- Country: India
- Location: Dhamtari District
- Coordinates: 20°32′17″N 81°39′42″E﻿ / ﻿20.53806°N 81.66167°E
- Status: Operational
- Construction began: 1914
- Opening date: 1923

Dam and spillways
- Type of dam: Embankment, earth-fill
- Impounds: Sillari River
- Height: 34.15 m (112 ft)
- Length: 2,591 m (8,501 ft)
- Dam volume: 1,619,000 m^{3} (2,117,572 cu yd)
- Spillway capacity: 1,132 m^{3}/s (39,976 cu ft/s)

Reservoir
- Total capacity: 165,340,000 m^{3} (216,256,555 cu yd)
- Active capacity: 161,913,000 m^{3} (211,774,209 cu yd)
- Surface area: 25 km^{2} (10 mi^{2})

= Murrum Silli Dam =

The Murrum Silli Dam or Babu Chhotelal Shrivastav Dam, also spelled Madam Silli and Mordem Silli, is an earth-fill embankment dam on the Sillari River, a tributary of the Mahanadi in central eastern India.

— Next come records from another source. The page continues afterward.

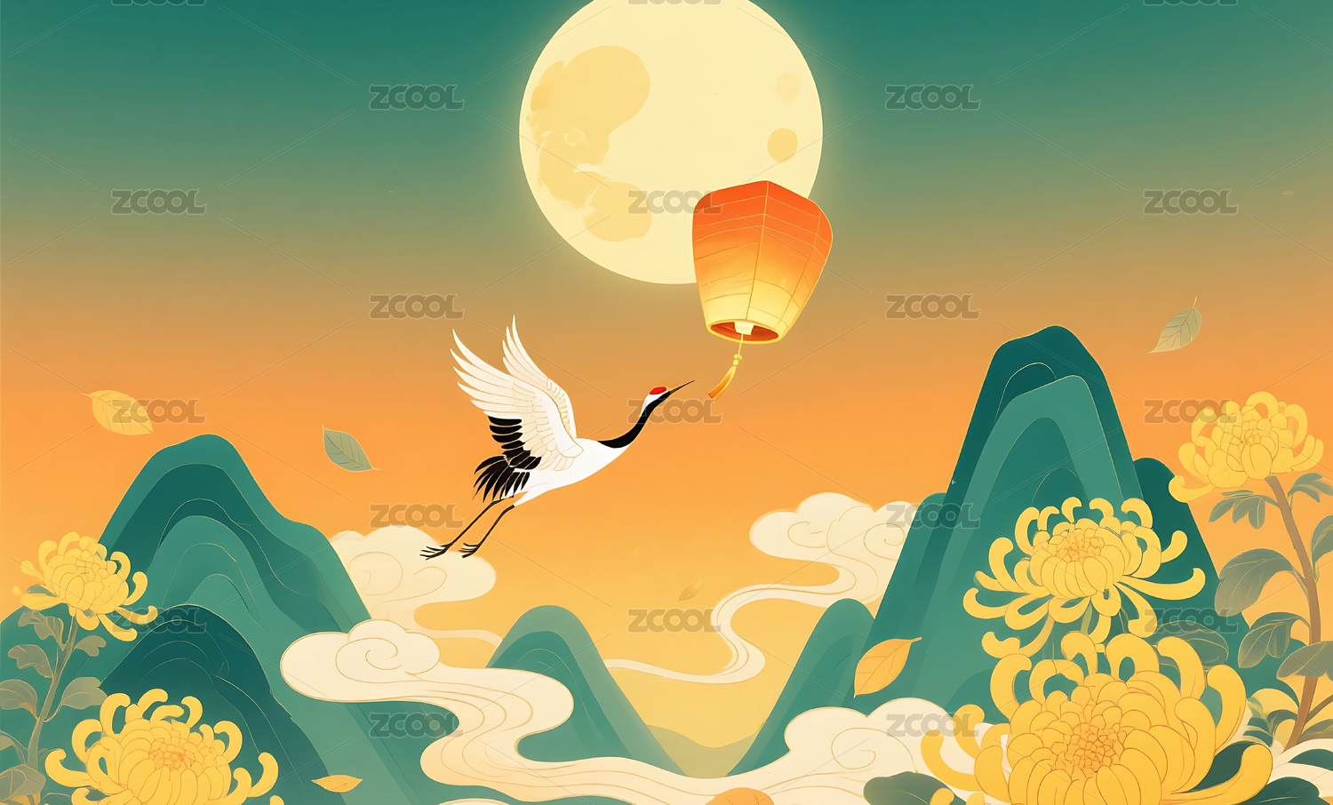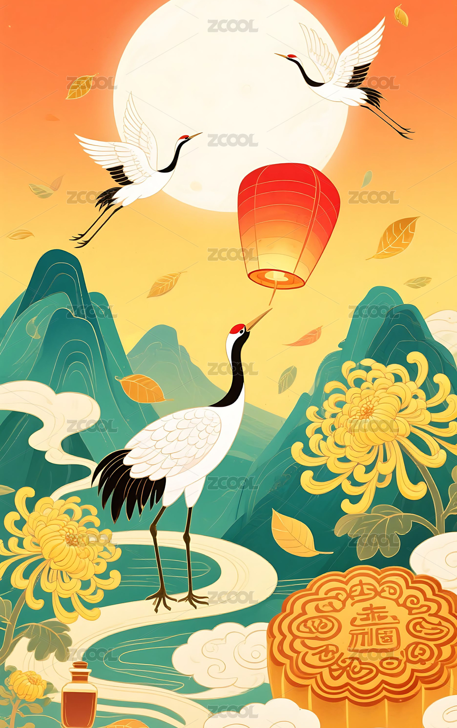 中秋节,中式,插画,海报,孔明灯,山水,仙鹤,月亮,菊花,云雾
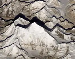 Course of the Kangshung Glacier in the Mount Everest region of Himalayas.
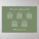 Sage Green 5 Table Wedding Seating Chart Poster, please personalise the names of the couple and the names of the guests along with any of the other text that you may wish to personalise. A stylish seating chart poster featuring elegant white text on a lovely sage green background.
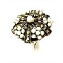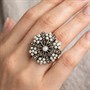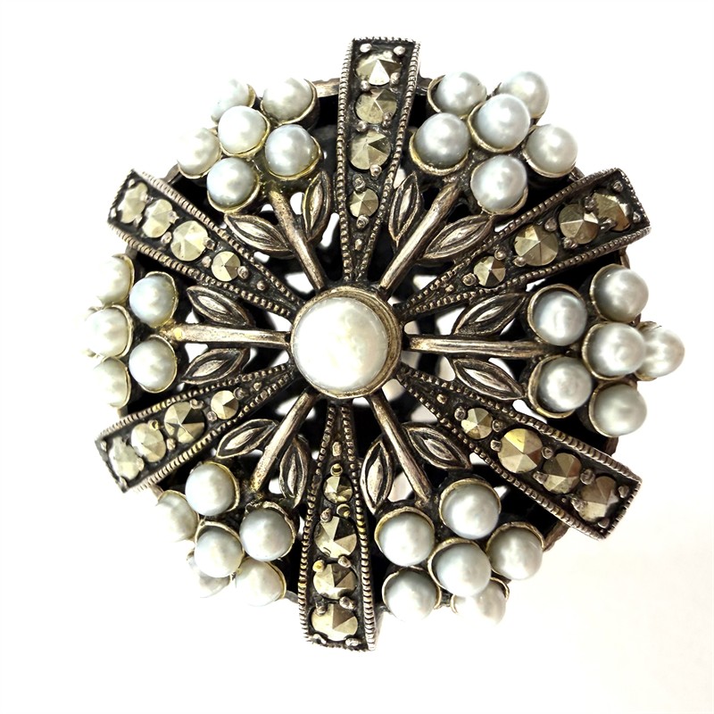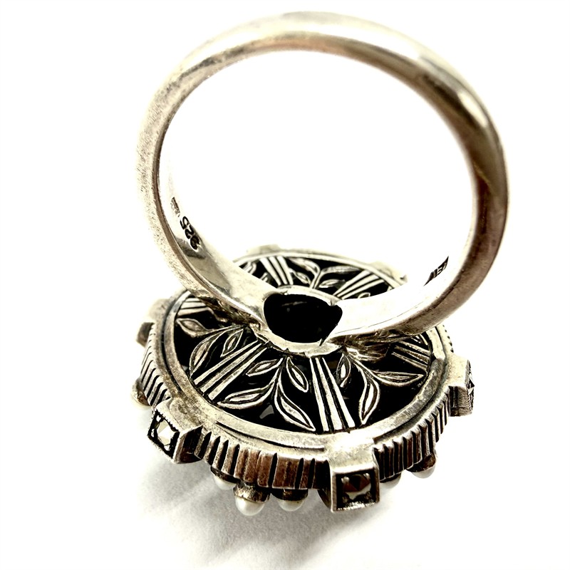Nevšední, nepřehlédnutelný stříbrný prsten. Šperk zdobí drobné, sněhobílé perly kontrastně dozdobené elegantně se třpytícími markazity. Prsten nese neobvykle ztvárněný florální motiv. Stříbro sterlingové ryzosti 925/1000, váha 10,66 g. Velikost 56. Průměr dekorativní hlavice 2,5 cm. Šperk je v perfektním stavu.
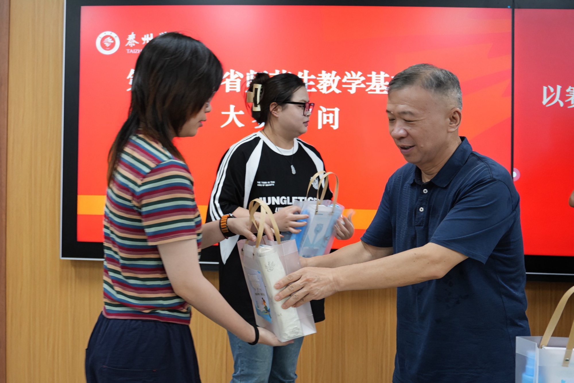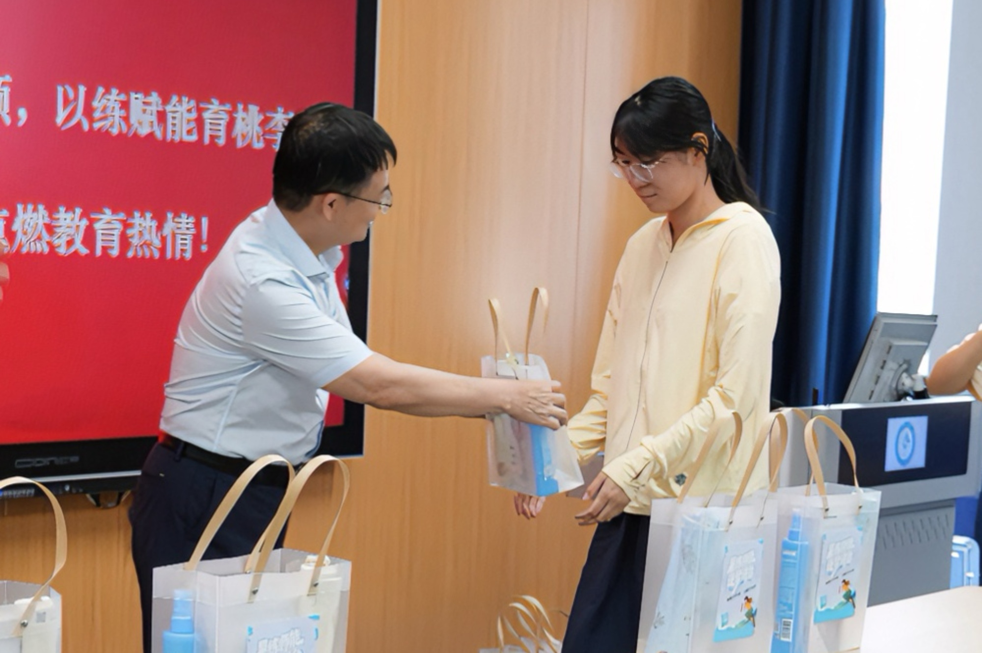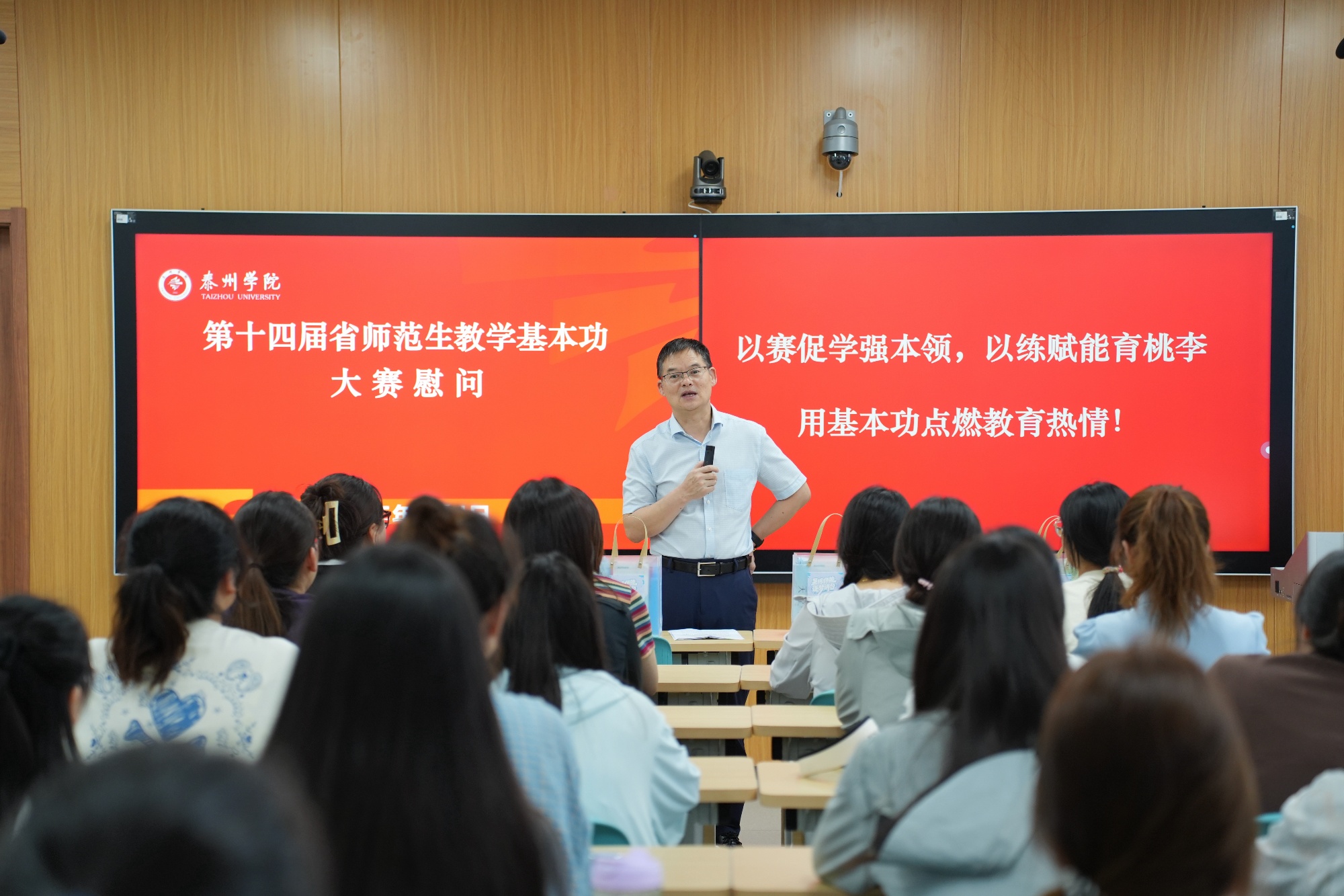 7月4日,校党委副书记、校长冯锋,校党委常委、副校长徐庆国走进第十四届省师范生教学基本功大赛集训教室,看望慰问参加集训的师范生选手,并发放慰问品。
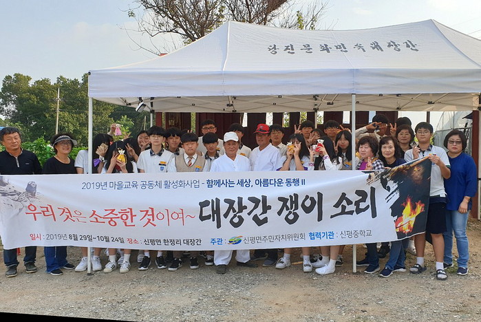 '대장간 쟁이 소리'는 회차별 30명 모두 4회 진행해 신평지역 중학생 120여 명을 대상으로 신평대장간에서 학생들이 옛날 대장간에서 수작업으로 농기계를 만드는 과정을 익혀볼 수 있도록 했다.
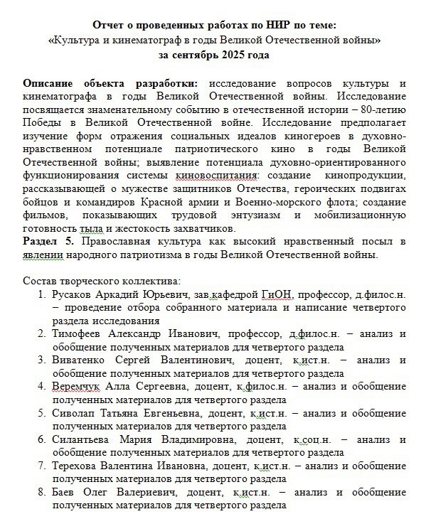 НИР по теме: «Культура и кинематограф в годы Великой Отечественной войны»
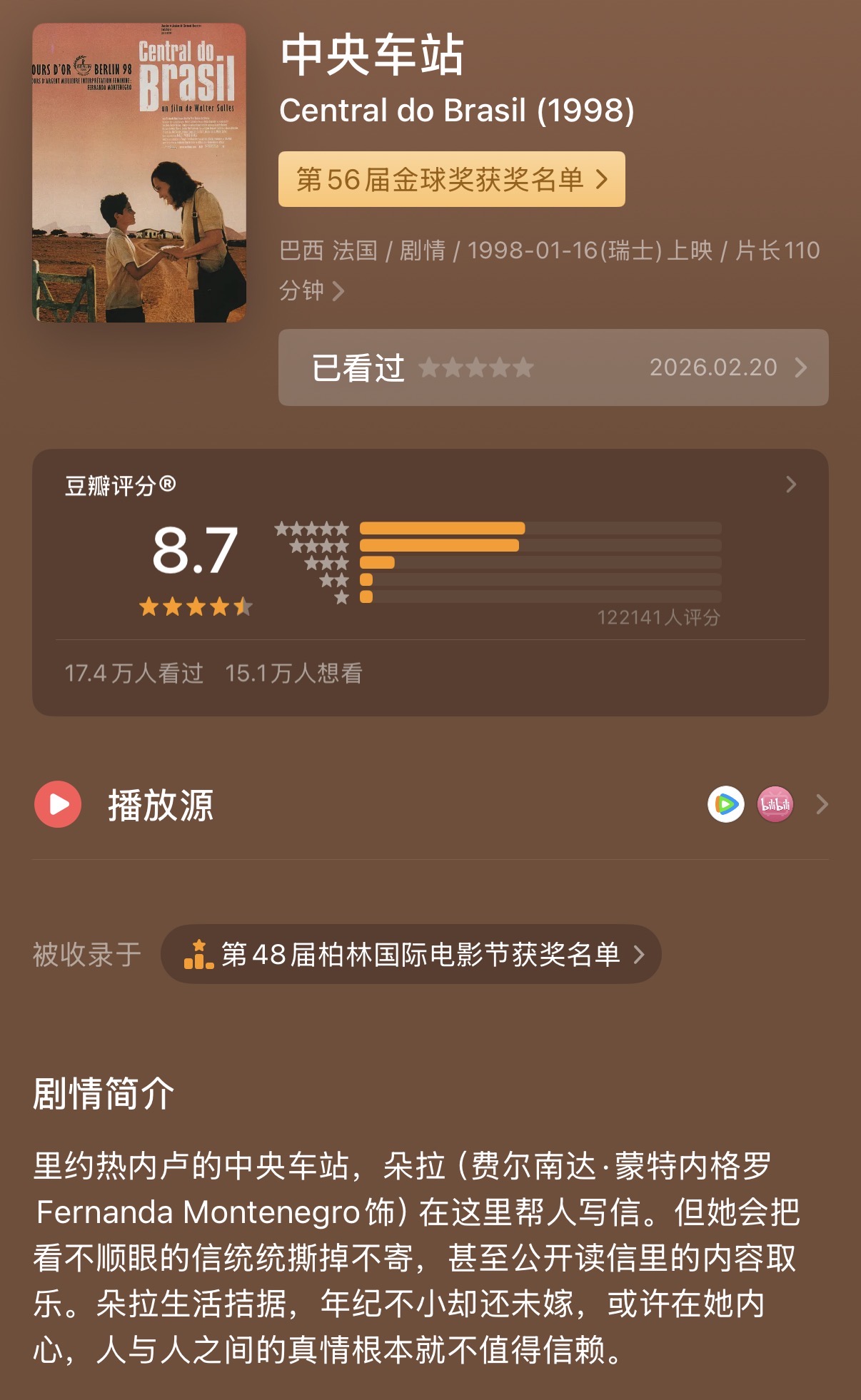《中央车站》一个童话般的故事,但是是很真也很克制的那种。配乐的弦乐(中提琴?)和吉他曲都很好听。美中不足的是人名Jesus翻译成了耶稣,译者一定不看英超,翻译成热苏斯多好😄

It was built under the supervision of British Raj governor Madam Silli for whom it was originally named. It is located in Dhamtari District of Chhattisgarh. Built between 1914 and 1923, it is the first dam in Asia to have siphon spillways. Madamsilli is about 95 km from Raipur. It is one of the most prominent architectural marvels in Chhattisgarh. Its primary purpose is irrigation.

On 3 June 1929 R.S. Rajendranath Sur (government civil engineer, Central province) was awarded by George V the title of "Rai Saheb" for his exemplary works on Murrum Silli Dam.